As anecdotal proof of this concept… Yesterday, I received a request for a connection via LinkedIn. It was from a writer whose name I recognized.
Him: “I’d like to Connect via LinkedIn because I’d like your opinion on something.”
Naturally, I was excited – I’ve written a book, done the media tour and I know enough to know a media opportunity when I see one – the “opportunity” light went off in my brain.
Me: “Why yes, I would love to comment on your something… may I ask what you are looking for?”
Him: “Jonathan, I’m writing a piece for ‘income seekers’ and I am wondering if you have a favorite stock or series of stock screens you use to pick the best stocks for your income seeking clients?”
Me: (heavy sigh) ”No, no I don’t. I don’t think I (or anyone in my chair – or anyone in any other chair) can add value (meaning: improve client outcomes) through superior stock selection. There is no such thing as an “optimal” screen in an ever-changing environment. Good luck with your article.”
Him: “Well, what about an ETF or a mutual fund.”
Me: (single tear drops down right cheek)… to myself, “will they ever learn?”
I am challenged to respond to the what-individual-product-would-you-recommend for an income seeker (or any other category of investor) because I would never recommend an individual product. I see no value in the conversation about individual products until a plan is complete and even then, most individual products are inter-changeable within a category.
Even if I was enamored of a single income producing product, I have always discovered that no one is just an “income seeker” or “growth seeker.” Everyone needs a portfolio (a mix of different tools) specifically designed to help them reach THEIR planning goals – this obviously pre-supposes that we know their planning goals.

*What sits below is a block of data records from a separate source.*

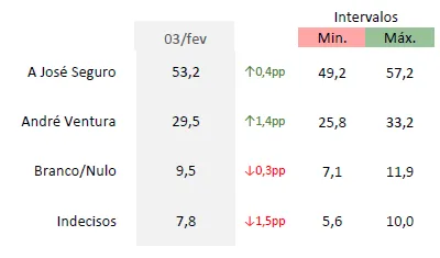 A segunda volta das eleições presidenciais tem lugar no próximo domingo, mas se fosse hoje, António José Seguro receberia 53,2% dos votos, ficando à frente de André Ventura, que teria 29,5% dos votos. Estes resultados são no entanto sem distribuição de indecisos, que montam neste momento a 9,5% dos eleitores. Acrescem ainda 7,8% de eleitores que declaram a intenção de votar branco ou nulo.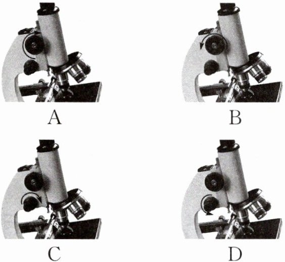 11. (2024·邳州期中)小吴同学在进行显微镜操作时,要让镜筒下降,使物镜接近玻片标本,应转动的调节钮及方向是(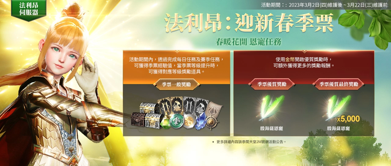 【法利昂:迎新春季票】3/2维护后~3/22维护前,活动期间内,透过完成每日任务和赛季任务,可获得季票经验值,当季票等级提升时,可获得对应等级的奖励道具。使用金币开启优质奖励时,可额外获得更多的奖励报酬。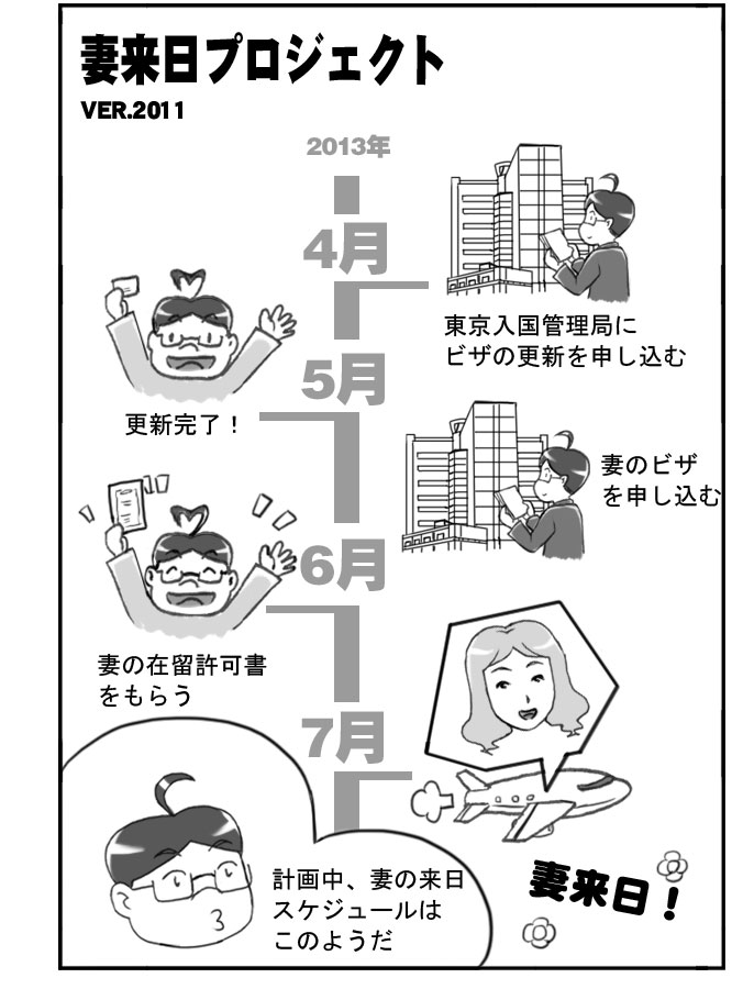 2013年4月、来日前の計画によって、専門学校に入ると「妻来日プロジェクト」を始まる

And… investing success is never determined by excellent market timing or product selection. Once the plan is complete and the mix of portfolio tools is in place, the individual’s success depends upon their patience and resilience in the face of the unknown. Successful plan outcomes demand that investors stay-the-course, precisely when doing so feels the most wrong.
I do have some overarching philosophies.
I keep to a dependable portfolio design process.
I even use specific tools consistently across portfolios.
But, I would never recommend a tool individually or even one of our (I think) excellent portfolios collectively without the eco-system of advice and communication to support the client’s behavior when they don’t work – which I absolutely guarantee will happen given a lifetime of our working together.
The media gets it horribly wrong when they try to steer their readers & listeners (our clients) towards optimal tool selection and improved market timing. No one can do it consistently. Full stop. Those who suggest there is a way to do it (which is 99% of financial headlines) muddy the waters of reality and make people hope for and even believe in the impossible – that they can ‘time and select’ their way to success.
This does not mean that we can’t build great portfolios and enjoy fantastic investment outcomes… it only means that timing and selection aren’t the levers we pull to get there.